The problem with pensions: symptoms and cures

This is an interesting perspective and one that should raise some discussion.  It is always interesting to see what those who serve the 1% believe. The issues as presented here are boomers are living too long, we don't have enough invested because of the market collapse in 2008, there are too many boomers retiring, and many of us do not have good or any pension plans.

The cures to this problem are simple,  shared risk pension plans that  are allowed to suspend benefits when the plan is in trouble, make people work longer by raising the retirement age, reform pension management structure to implement more shared risk plans into the mix, expand the Canada Pension plan for workers who earn between $30.000 and $100,000, pooling the savings of defined contribution plans. Some interesting ideas were presented

THE SYMPTOMS

Longevity: We are living too long. When Grand Trunk Railway introduced Canada’s first workplace pension in 1874, the retirement age was 70 and average life expectancy 55, meaning the average worker was dead for 15 years before they could collect a pension. Today the average Canadian worker is retiring at 63 and life expectancy is almost 80 years. As life expectancy rises, workers’retirement years will soon exceed their career years, meaning they will be spending far more than anticipated.

Investment volatility: In an era of threadbare interest rates, pension funds have shifted most of their assets from bonds to stock market investments to generate returns needed to foot the pension bill. The strategy exposes funds to the increasingly volatile whims of the market. In the wake of the dot.com collapse in 1991 and financial crisis of 2008, the average Canadian pension plan in Canada is about 12 per cent short of assets needed to pay their pension bills.
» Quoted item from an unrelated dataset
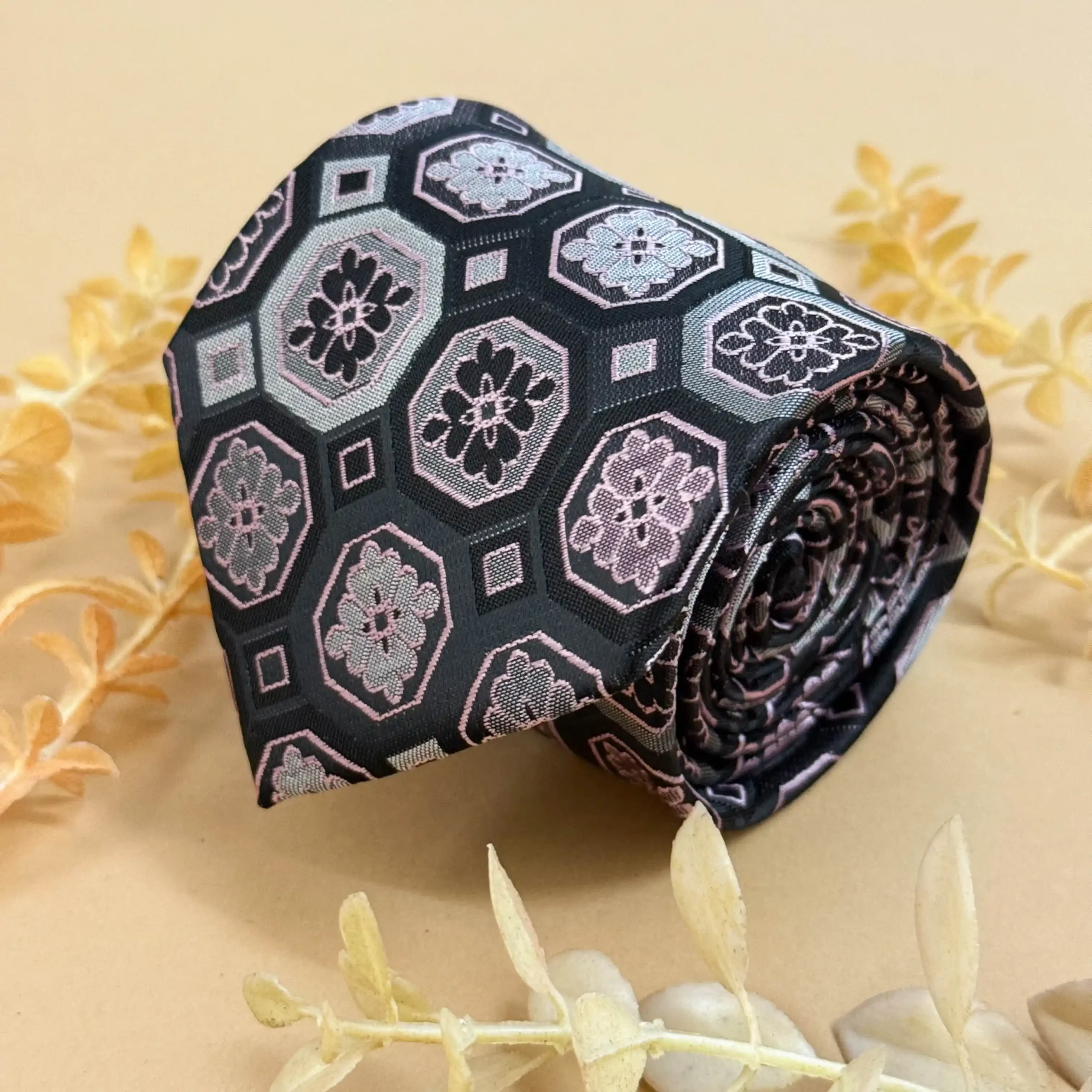 This charcoal grey silk tie showcases a bold hexagonal abstract pattern in white. A sharp, contemporary choice for business meetings and modern formal outfits.

Lax pension management: Bonds currently pay investors a real rate of about 1 per cent, but a large number of pension plans continue to project they will earn annual returns of 4 per cent. 

Many funds also rely on outdated mortality tables, which means they are assuming retirees will die sooner than expected. Added up, these practices mean funds have not saved enough for plan members.

Demographics: We are on the verge of the largest workplace exodus in history with more than seven million workers, 42 per cent of the Canadian work force, set to retire over the next 20 years. 

Many have not saved enough for retirement. For those who have pension plans, the exodus means there may be as many workers as there are retirees, a ratio that may leave younger workers with a much smaller pension pie than their predecessors.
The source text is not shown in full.